Just as Hellan is about to respond to such things as favours and her potential help, Desmond asks his question, and she looks at him though he's leaking his brains out his ear, pressing her dark brows down and grimacing. "It can't say it crossed my mind," she says — bitterly, for now it has. Not every scrap of gossip makes its way to her knowledge. "Metaphorically, now that is a possibility," she adds offhandedly, turning from his gaze to take another drink.

Desmond flinches faintly and nods. "I needed to hear it from someone who hated me," he says quietly. "They're all saying it. Men I never met, they're saying it. Like I never stood in front of that mob. It's like I never accomplished nothing myself." For a moment, the self-pity has full reign, but then he tamps it down, straightens. "So you'll help me, then?"

She lets him talk and pity himself without interruption and she doesn't say a thing about it afterward. Hellan's own opinions stir in her eyes, a bit of dark in the ice, but she does not bother to speak them."If there's something to be found." It is not the most ringing of endorsements, but she nods her head slowly: it's an agreement.

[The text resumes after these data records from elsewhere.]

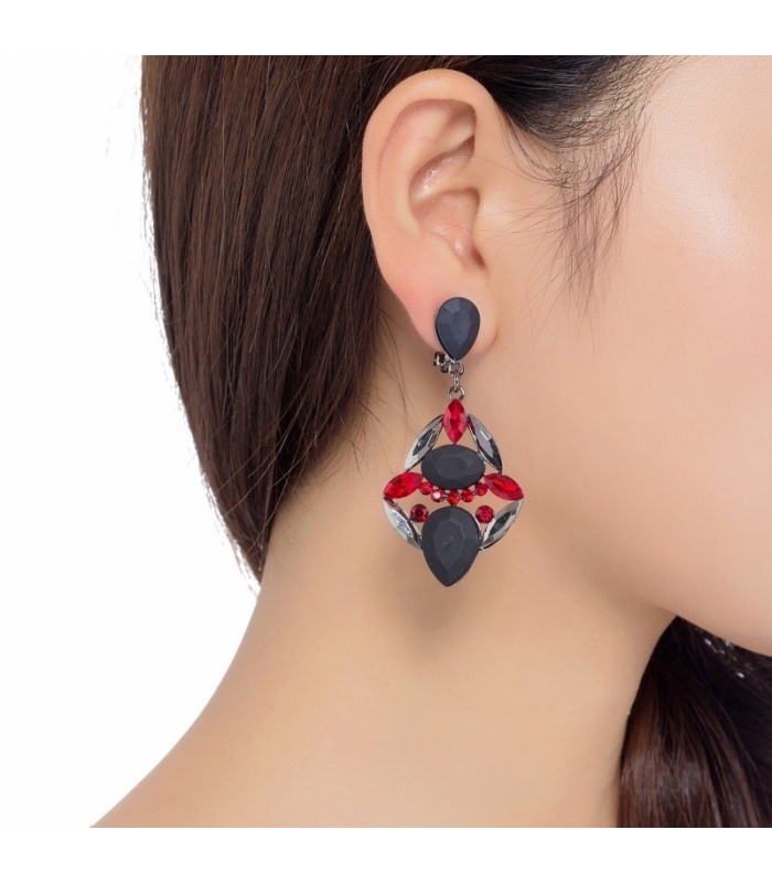 Bestel vandaag nog deze prachtige zwart met rode oorclips gemaakt van hars met rode kristal steentjes en voeg een vleugje elegantie toe aan jouw look!
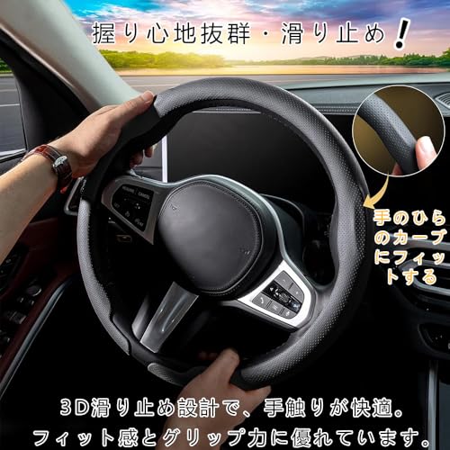 EIING ハンドルカバー 車用 軽自動車 sサイズ 3Dグリップ 滑り止め ステアリングカバー 汎用 おしゃれ 通気性がよい 普通車 ハンドル 保護カバー 高級 内装パーツ 車用品 アクセサリー オールシーズン対応 円形 37~38CM (ブラック)
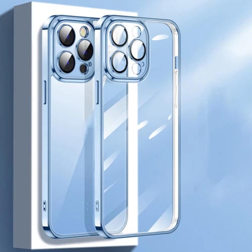 Caja de teléfono para iPhone 12 con Gafas de Vidrio Electrochapado (Sierra Blue)

Desmond rises to his feet, then. "Then I'll be looking for you, Lady. If there's anything you need of me, ask it. So far's I'm concerned, I'm in your debt." He drowns the rest of the strong brown ale from his tankard, setting it down atop the table. "And thank you for the hospitality. And the rest."

"Don't start thinking me too generous," Hellan retorts. A vague flicker of a smirk exists at one side of her mouth; a joke, perhaps, a reference to her similar words the last day she met when she was rather less generous than today, in fact. If she remembers it at all.

As he makes his way out the door, Desmond can be heard laughing. "I shall never make that mistake," he throws over his shoulder.